**Work order:** Transcribe word for word the section of the records below that opens with the line containing "漏斗(ロート)・じょうごとは" and closes with the line containing "Fotounterschrift: Der Große"; drop every picture.

**The input:**
------------------------------------------------

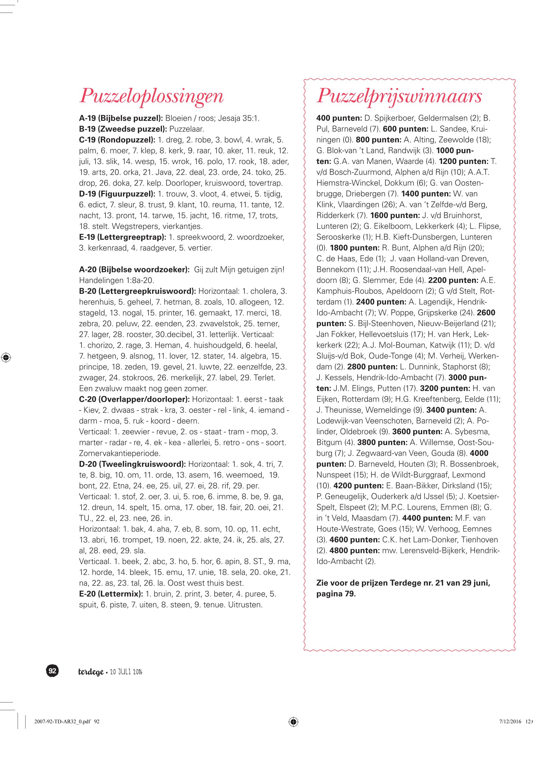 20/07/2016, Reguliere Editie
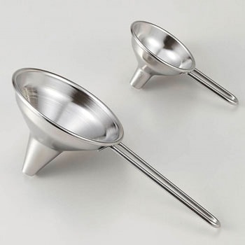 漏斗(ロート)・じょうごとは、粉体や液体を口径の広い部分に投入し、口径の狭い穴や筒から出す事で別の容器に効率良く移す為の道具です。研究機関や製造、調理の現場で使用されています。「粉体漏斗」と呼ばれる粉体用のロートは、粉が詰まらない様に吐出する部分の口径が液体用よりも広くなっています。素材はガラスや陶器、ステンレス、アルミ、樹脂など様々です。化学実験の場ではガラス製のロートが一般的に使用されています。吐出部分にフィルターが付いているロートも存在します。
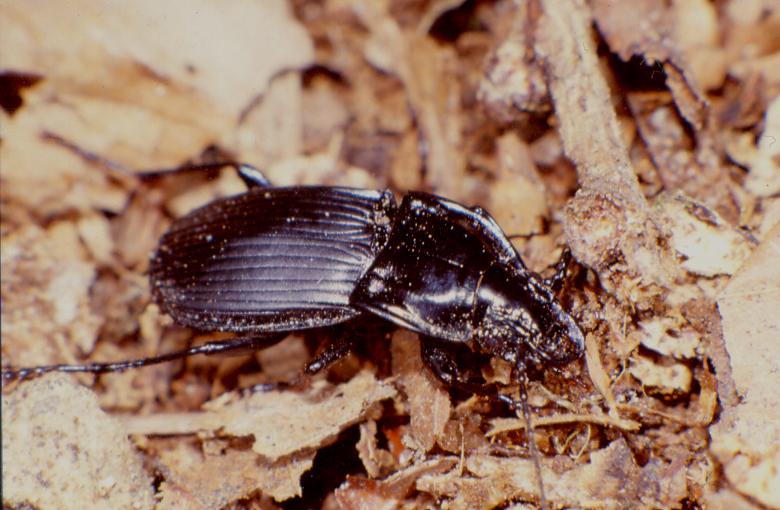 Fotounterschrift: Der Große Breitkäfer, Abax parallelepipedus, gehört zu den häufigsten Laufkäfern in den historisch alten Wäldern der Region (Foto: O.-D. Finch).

------------------------------------------------

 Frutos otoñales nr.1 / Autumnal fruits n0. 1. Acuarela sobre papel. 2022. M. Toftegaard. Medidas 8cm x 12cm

------------------------------------------------

**Problem solution:**
 漏斗(ロート)・じょうごとは、粉体や液体を口径の広い部分に投入し、口径の狭い穴や筒から出す事で別の容器に効率良く移す為の道具です。研究機関や製造、調理の現場で使用されています。「粉体漏斗」と呼ばれる粉体用のロートは、粉が詰まらない様に吐出する部分の口径が液体用よりも広くなっています。素材はガラスや陶器、ステンレス、アルミ、樹脂など様々です。化学実験の場ではガラス製のロートが一般的に使用されています。吐出部分にフィルターが付いているロートも存在します。
 Fotounterschrift: Der Große Breitkäfer, Abax parallelepipedus, gehört zu den häufigsten Laufkäfern in den historisch alten Wäldern der Region (Foto: O.-D. Finch).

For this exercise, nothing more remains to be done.